Fixation and function. In some patients, visual function is not restored despite successful structural repair, such as reattaching a detached retina or opening a channel for aqueous flow in glaucoma, said Dr. Markowitz.
But microperimeters can help reveal the underlying reason for the persistent functional impairment, he said. After closure of a macular hole, for example, retina specialists rely on OCT to see that tissues are lined up properly. However, recent research shows that fixation stability is a more reliable predictor of visual acuity following this type of surgery.1 Likewise, visual acuity may worsen after glaucoma surgery, said Dr. Markowitz, because surgery has broken the balance between fixation stability and the PRL.
As a measure in clinical trials. Current and future clinical trials may find increasing utility for this technology, said Dr. Sunness. She gave the example of ProgStar, a study of the natural history of Stargardt disease, which was recently launched at nine centers by the Foundation Fighting Blindness. “Microperimetry will be used to track the progression of retinal function loss during the study,” she said, “because with Stargardt, it’s the only way to get this information.”

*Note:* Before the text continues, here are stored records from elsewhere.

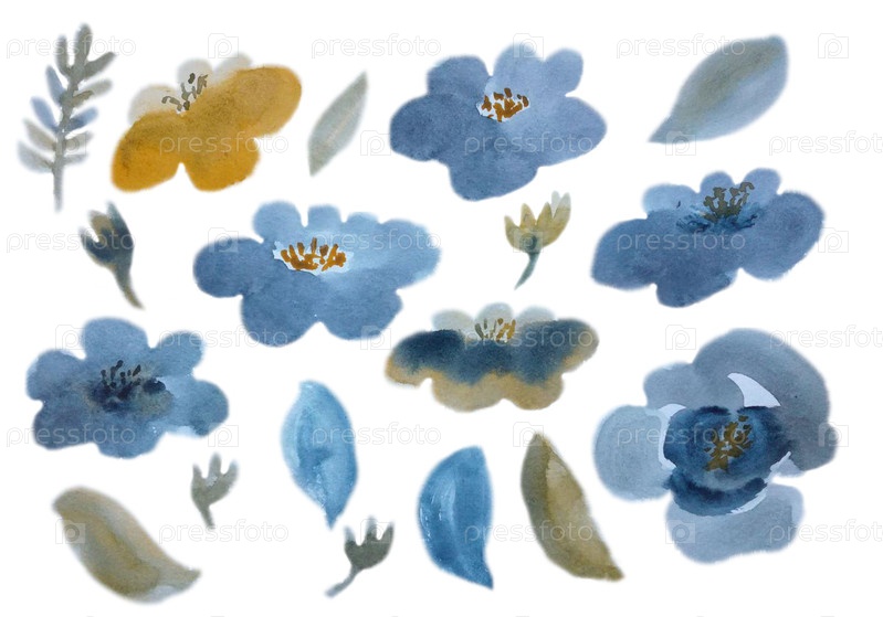 Набор акварельных красок. серо-желтые клипарты, изолированные на белом фоне
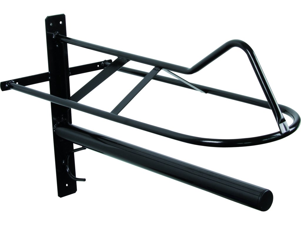 Wyjątkowo praktyczny uchwyt na siodło i czaprak, wraz z hakiem na ogłowie. Górna część przeznaczona jest na siodło, a dolna na czaprak. Zapewnia dobrą wentylację czapraka, a siodło nie jest obciążone wilgocią. Nadaje się również do siodeł westernowych.Wymiary 28 x 40 c 57 cm.
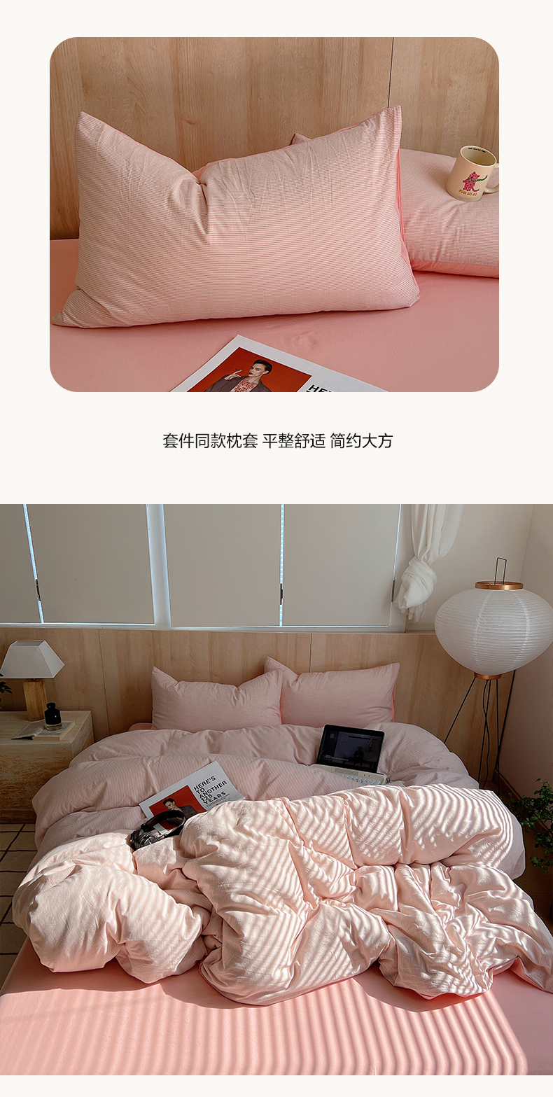雅居纺家纺 2024新款色织水洗棉四件套 细条粉

Looking ahead. Although their use is still fairly rare in mainstream ophthalmology, microperimeters may be used increasingly to evaluate visual function and to further guide interventions in a variety of conditions. The interest in this new technology is growing; for example, a special issue of the Canadian Journal of Ophthalmology dedicated entirely to microperimetry is planned for October 2013. Watch for it.
1 Tarita-Nistor L et al. Invest Ophthalmol Vis Sci. 2009;50(1):84-89.
Drs. Markowitz, Mogk, and Sunness report no related financial interests.